Records drawn from a dataset
++++++++++
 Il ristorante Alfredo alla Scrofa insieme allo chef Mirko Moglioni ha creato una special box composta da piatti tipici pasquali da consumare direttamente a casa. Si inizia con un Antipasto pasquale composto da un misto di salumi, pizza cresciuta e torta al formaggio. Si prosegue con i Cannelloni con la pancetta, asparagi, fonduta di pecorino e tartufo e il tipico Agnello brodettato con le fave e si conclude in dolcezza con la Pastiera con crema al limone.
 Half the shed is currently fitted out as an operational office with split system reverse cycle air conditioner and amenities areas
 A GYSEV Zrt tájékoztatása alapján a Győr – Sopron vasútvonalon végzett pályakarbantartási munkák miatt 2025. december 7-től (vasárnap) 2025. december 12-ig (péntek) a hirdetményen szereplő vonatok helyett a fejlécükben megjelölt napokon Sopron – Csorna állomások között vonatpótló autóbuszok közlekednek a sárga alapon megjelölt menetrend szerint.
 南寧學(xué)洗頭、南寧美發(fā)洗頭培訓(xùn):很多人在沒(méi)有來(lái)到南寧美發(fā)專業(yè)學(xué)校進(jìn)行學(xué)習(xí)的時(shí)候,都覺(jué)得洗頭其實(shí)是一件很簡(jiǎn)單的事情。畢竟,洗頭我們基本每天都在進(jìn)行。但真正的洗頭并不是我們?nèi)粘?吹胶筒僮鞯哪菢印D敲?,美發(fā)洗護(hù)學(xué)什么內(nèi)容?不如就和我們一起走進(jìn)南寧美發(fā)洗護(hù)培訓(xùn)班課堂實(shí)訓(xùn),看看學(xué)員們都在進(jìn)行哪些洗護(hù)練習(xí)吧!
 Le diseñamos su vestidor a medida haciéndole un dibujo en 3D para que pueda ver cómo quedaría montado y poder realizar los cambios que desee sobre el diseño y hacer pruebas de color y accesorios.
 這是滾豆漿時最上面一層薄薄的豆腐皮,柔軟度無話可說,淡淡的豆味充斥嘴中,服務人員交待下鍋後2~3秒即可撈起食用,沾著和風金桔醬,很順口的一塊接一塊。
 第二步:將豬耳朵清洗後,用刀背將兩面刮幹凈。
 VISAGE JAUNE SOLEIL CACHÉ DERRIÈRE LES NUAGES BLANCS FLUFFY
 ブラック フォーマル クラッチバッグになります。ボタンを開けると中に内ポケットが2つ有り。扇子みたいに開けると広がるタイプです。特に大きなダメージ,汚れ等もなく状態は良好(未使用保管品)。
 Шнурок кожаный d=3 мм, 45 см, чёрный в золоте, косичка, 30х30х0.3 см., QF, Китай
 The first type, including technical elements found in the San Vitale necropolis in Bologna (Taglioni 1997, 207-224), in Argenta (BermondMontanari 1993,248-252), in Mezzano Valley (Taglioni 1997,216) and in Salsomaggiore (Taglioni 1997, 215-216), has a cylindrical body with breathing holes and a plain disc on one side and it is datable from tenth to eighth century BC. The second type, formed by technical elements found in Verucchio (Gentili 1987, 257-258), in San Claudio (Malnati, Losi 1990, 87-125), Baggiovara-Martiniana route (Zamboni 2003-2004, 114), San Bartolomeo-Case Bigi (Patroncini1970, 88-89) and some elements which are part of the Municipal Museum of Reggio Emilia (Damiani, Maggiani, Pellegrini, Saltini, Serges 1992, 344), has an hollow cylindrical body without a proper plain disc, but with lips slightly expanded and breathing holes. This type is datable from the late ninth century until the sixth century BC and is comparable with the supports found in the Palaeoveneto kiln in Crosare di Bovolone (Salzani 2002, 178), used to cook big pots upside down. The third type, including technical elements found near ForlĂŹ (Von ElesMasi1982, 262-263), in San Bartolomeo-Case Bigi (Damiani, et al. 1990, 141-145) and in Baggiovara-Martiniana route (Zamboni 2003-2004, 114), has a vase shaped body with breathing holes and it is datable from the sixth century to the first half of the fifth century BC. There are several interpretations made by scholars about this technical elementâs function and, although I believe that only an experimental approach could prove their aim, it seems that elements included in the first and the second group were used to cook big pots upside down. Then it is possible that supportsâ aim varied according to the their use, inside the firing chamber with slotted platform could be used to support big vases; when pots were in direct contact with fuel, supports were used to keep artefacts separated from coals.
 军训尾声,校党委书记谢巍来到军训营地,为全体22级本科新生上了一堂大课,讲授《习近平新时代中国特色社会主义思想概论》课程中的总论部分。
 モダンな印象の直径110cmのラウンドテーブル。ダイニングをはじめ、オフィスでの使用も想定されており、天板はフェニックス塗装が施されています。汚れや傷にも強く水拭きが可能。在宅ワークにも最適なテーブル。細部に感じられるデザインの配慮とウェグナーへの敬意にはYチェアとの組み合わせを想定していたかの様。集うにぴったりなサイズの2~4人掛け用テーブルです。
++++++++++
(What this task involves) All the lines above should come back exactly as written.

(Exercise response)
 Il ristorante Alfredo alla Scrofa insieme allo chef Mirko Moglioni ha creato una special box composta da piatti tipici pasquali da consumare direttamente a casa. Si inizia con un Antipasto pasquale composto da un misto di salumi, pizza cresciuta e torta al formaggio. Si prosegue con i Cannelloni con la pancetta, asparagi, fonduta di pecorino e tartufo e il tipico Agnello brodettato con le fave e si conclude in dolcezza con la Pastiera con crema al limone.
 Half the shed is currently fitted out as an operational office with split system reverse cycle air conditioner and amenities areas
 A GYSEV Zrt tájékoztatása alapján a Győr – Sopron vasútvonalon végzett pályakarbantartási munkák miatt 2025. december 7-től (vasárnap) 2025. december 12-ig (péntek) a hirdetményen szereplő vonatok helyett a fejlécükben megjelölt napokon Sopron – Csorna állomások között vonatpótló autóbuszok közlekednek a sárga alapon megjelölt menetrend szerint.
 南寧學(xué)洗頭、南寧美發(fā)洗頭培訓(xùn):很多人在沒(méi)有來(lái)到南寧美發(fā)專業(yè)學(xué)校進(jìn)行學(xué)習(xí)的時(shí)候,都覺(jué)得洗頭其實(shí)是一件很簡(jiǎn)單的事情。畢竟,洗頭我們基本每天都在進(jìn)行。但真正的洗頭并不是我們?nèi)粘?吹胶筒僮鞯哪菢印D敲?,美發(fā)洗護(hù)學(xué)什么內(nèi)容?不如就和我們一起走進(jìn)南寧美發(fā)洗護(hù)培訓(xùn)班課堂實(shí)訓(xùn),看看學(xué)員們都在進(jìn)行哪些洗護(hù)練習(xí)吧!
 Le diseñamos su vestidor a medida haciéndole un dibujo en 3D para que pueda ver cómo quedaría montado y poder realizar los cambios que desee sobre el diseño y hacer pruebas de color y accesorios.
 這是滾豆漿時最上面一層薄薄的豆腐皮,柔軟度無話可說,淡淡的豆味充斥嘴中,服務人員交待下鍋後2~3秒即可撈起食用,沾著和風金桔醬,很順口的一塊接一塊。
 第二步:將豬耳朵清洗後,用刀背將兩面刮幹凈。
 VISAGE JAUNE SOLEIL CACHÉ DERRIÈRE LES NUAGES BLANCS FLUFFY
 ブラック フォーマル クラッチバッグになります。ボタンを開けると中に内ポケットが2つ有り。扇子みたいに開けると広がるタイプです。特に大きなダメージ,汚れ等もなく状態は良好(未使用保管品)。
 Шнурок кожаный d=3 мм, 45 см, чёрный в золоте, косичка, 30х30х0.3 см., QF, Китай
 The first type, including technical elements found in the San Vitale necropolis in Bologna (Taglioni 1997, 207-224), in Argenta (BermondMontanari 1993,248-252), in Mezzano Valley (Taglioni 1997,216) and in Salsomaggiore (Taglioni 1997, 215-216), has a cylindrical body with breathing holes and a plain disc on one side and it is datable from tenth to eighth century BC. The second type, formed by technical elements found in Verucchio (Gentili 1987, 257-258), in San Claudio (Malnati, Losi 1990, 87-125), Baggiovara-Martiniana route (Zamboni 2003-2004, 114), San Bartolomeo-Case Bigi (Patroncini1970, 88-89) and some elements which are part of the Municipal Museum of Reggio Emilia (Damiani, Maggiani, Pellegrini, Saltini, Serges 1992, 344), has an hollow cylindrical body without a proper plain disc, but with lips slightly expanded and breathing holes. This type is datable from the late ninth century until the sixth century BC and is comparable with the supports found in the Palaeoveneto kiln in Crosare di Bovolone (Salzani 2002, 178), used to cook big pots upside down. The third type, including technical elements found near ForlĂŹ (Von ElesMasi1982, 262-263), in San Bartolomeo-Case Bigi (Damiani, et al. 1990, 141-145) and in Baggiovara-Martiniana route (Zamboni 2003-2004, 114), has a vase shaped body with breathing holes and it is datable from the sixth century to the first half of the fifth century BC. There are several interpretations made by scholars about this technical elementâs function and, although I believe that only an experimental approach could prove their aim, it seems that elements included in the first and the second group were used to cook big pots upside down. Then it is possible that supportsâ aim varied according to the their use, inside the firing chamber with slotted platform could be used to support big vases; when pots were in direct contact with fuel, supports were used to keep artefacts separated from coals.
 军训尾声,校党委书记谢巍来到军训营地,为全体22级本科新生上了一堂大课,讲授《习近平新时代中国特色社会主义思想概论》课程中的总论部分。
 モダンな印象の直径110cmのラウンドテーブル。ダイニングをはじめ、オフィスでの使用も想定されており、天板はフェニックス塗装が施されています。汚れや傷にも強く水拭きが可能。在宅ワークにも最適なテーブル。細部に感じられるデザインの配慮とウェグナーへの敬意にはYチェアとの組み合わせを想定していたかの様。集うにぴったりなサイズの2~4人掛け用テーブルです。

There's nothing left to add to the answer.